Она заранее испытывала ужас при мысли о его готовящихся к печати мемуарах, которыми, по сообщению прессы, сейчас занимался этот человек, сидя в своем Париже или Мюнхене; она впадала в тихую панику, предчувствуя свой портрет в них, нарисованный стремительной и безжалостной рукой его, хорошо сознавая, что этот портрет останется, а она уйдет, не в силах смахнуть с него ни единой черты, и, пока она еще жива, она должна была защищаться, они вместе с сыном должны успеть стереть хоть букву грядущей неправды, хоть пару слов. Но слава его росла, как волна, накатывая на оставленный им берег, и она понимала, что все ее усилия тщетны. Она знала, что он не пощадит ее, как не щадил никогда ни врагов своих, ни друзей, – он, человек хищного ума и феноменального зрения, ухватывающего любую подробность жизни, самую малую дробь ее, со страстной злой памятью, которая, однако, не мешала ему заниматься благородным делом защиты сирых и слабых. Она знала, как искусно может он распотрошить живое существо, и все старалась поведать об этом журналистам. Но ни один из них не соблазнился ее историей о том, как он однажды со своим приятелем-медиком в летней беседке ясным вечером занимался анатомией, разделывая распростертую в правилке живую жабу, видя в муках живой твари одну лишь метафору, проецируя в уме ее маленькую смерть на свои философские и социальные обобщения... Она была в ужасе от той холодной предприимчивости, с какой он согласился посмотреть на рефлексы, заставив при этом присутствовать и ее, – и ей долго чудились жалобные предсмертные стоны живого существа, душа которого никак не могла отлететь; но он смотрел, как смотрит, должно быть, Господь Бог на умирающего младенца, обращая с помощью оптического фокуса слезы матери в утреннюю росу. Долгие годы живя под колпаком, под гласным и негласным надзором, он выстоял и не сломался, хотя его всеми силами пытались сломить: устраивали то и дело обыски, арестовывали, преследовали его друзей, лишили директорства в институте, потом перекрыли все пути для серьезной научной работы, так что он в какой-то момент вынужден был демонстративно выйти с метлой на панель и мести мостовую. Но выстоял и вынес он все это благодаря вовсе не величию души и редкостному мужеству, торопилась сообщить она корреспонденту, а вследствие своей полной бесчувственности и равнодушия к подробностям жизни, представляющим для него интерес лишь как для ученого, отрешенного от нашего муравьиного существования.

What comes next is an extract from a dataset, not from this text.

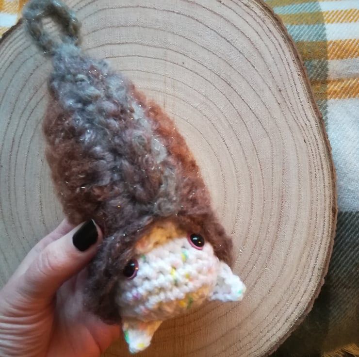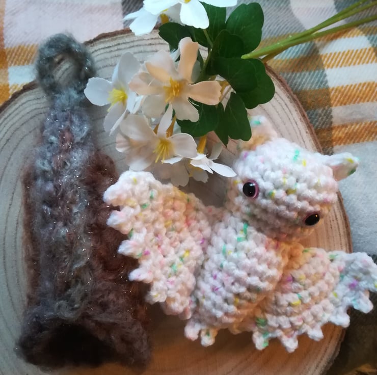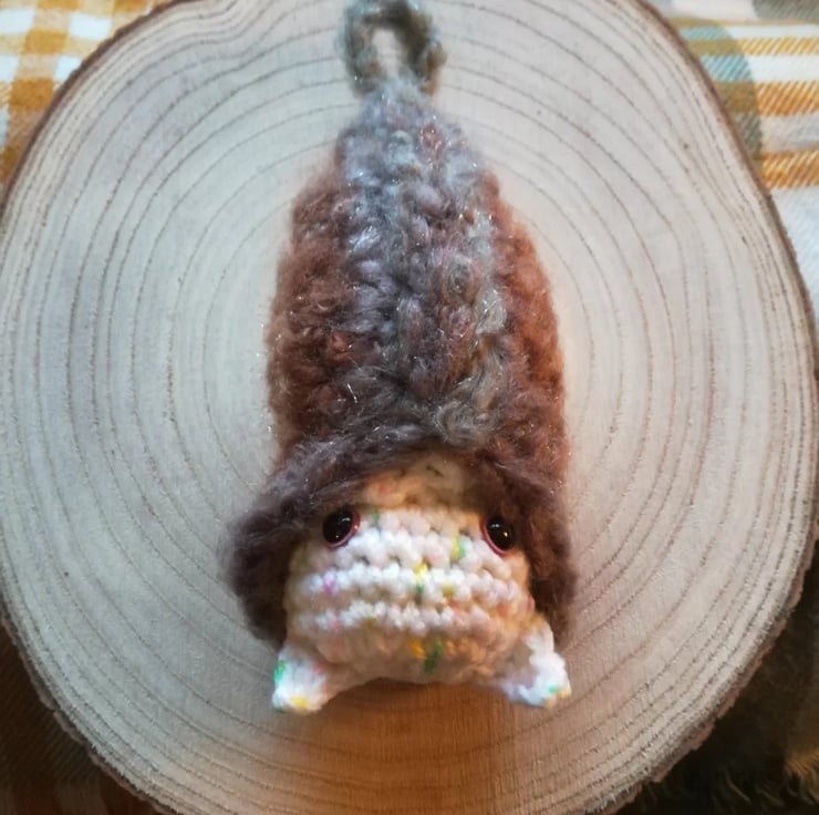 This little crochet bat is made using a lovely mottled yarn with flecks of pastel colours.

Не без злорадного удовольствия она теперь рассказывала, как он поддался однажды на уговоры подосланного провокатора и выступил соавтором дешевого телесериала о жизни «сельчан и заводчан», сляпанного на скорую руку ради денег, денег. Позже он очень стеснялся этой своей работы, хотя и выставил в титрах себя под псевдонимом.
Те же, кто когда-то травил его и преследовал, как зверя, теперь дружно восхваляли его бескомпромиссность; они теперь наперебой лебезили и заискивали перед нею, не женой и не вдовой, надеясь заработать себе прощение. Когда-то дружным единогласием они лишали его всех научных званий и регалий, развенчивали труды, движимые лишь завистью, а теперь трепетали перед его грядущим возвращением, полубезумные оттого, что инфляция в одночасье поглотила все их неправедно нажитые состояния, растаявшие на глазах как сон, как утренний туман, невольно видя в этом перст божий и его конечную правоту.

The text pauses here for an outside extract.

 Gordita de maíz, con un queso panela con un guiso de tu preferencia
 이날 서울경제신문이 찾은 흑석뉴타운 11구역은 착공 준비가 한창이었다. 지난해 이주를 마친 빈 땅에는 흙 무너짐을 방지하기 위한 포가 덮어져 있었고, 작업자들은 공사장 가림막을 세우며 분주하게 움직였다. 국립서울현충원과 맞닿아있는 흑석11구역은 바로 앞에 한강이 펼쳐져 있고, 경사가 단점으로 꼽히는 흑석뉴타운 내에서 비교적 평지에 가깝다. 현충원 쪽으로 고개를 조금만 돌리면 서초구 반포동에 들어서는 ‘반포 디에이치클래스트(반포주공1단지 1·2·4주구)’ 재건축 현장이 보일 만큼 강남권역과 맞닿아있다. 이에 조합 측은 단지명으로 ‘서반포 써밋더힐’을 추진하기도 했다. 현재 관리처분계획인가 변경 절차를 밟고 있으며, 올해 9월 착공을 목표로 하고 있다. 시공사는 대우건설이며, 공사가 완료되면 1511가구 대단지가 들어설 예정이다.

Когда его взяли в первый раз, Слава был еще младенцем, и врачи ничего еще в нем не прозревали. Но она сердцем матери уже прочувствовала все, и, когда его арестовали, жизнь обрушила на нее сразу два молота: его судьбы и ее собственной. Велось следствие, у него ничего, кроме какого-то разорванного выпуска «Хроники», не нашли. Ей ничего не говорили, но дали свидание. Она не поняла сразу, что это было за свидание, это было странное свидание, ибо надзиратель в углу комнаты, когда они заговорили об обыске, демонстративно вынул из кармана газету и углубился в чтение. Понизив голос, она рассказала мужу, как один из оперативников, роясь в посудном шкафу, вдруг обернулся к ней и спросил в упор: «Где вторая печатная машинка?» И она честно ответила, желая лишь укрепить свои предыдущие уклончивые ответы на их вопросы, зная, что мужем эта машинка не засвечена: «В ремонте...» Что тут с ним сделалось! «Дура! – завопил он, будто в комнате для свиданий они были одни. – Идиотическая кретинка, они тебя на понт брали, они ничего не знали про вторую машинку!» «Но она все равно чистая», – растерянно сказала жена. Он оглянулся на сидящего в углу соглядатая и вдруг, что-то поняв, злобно расхохотался, а потом покрыл ее таким матом, что надзиратель медленно сложил свою газету и нажал на кнопку звонка...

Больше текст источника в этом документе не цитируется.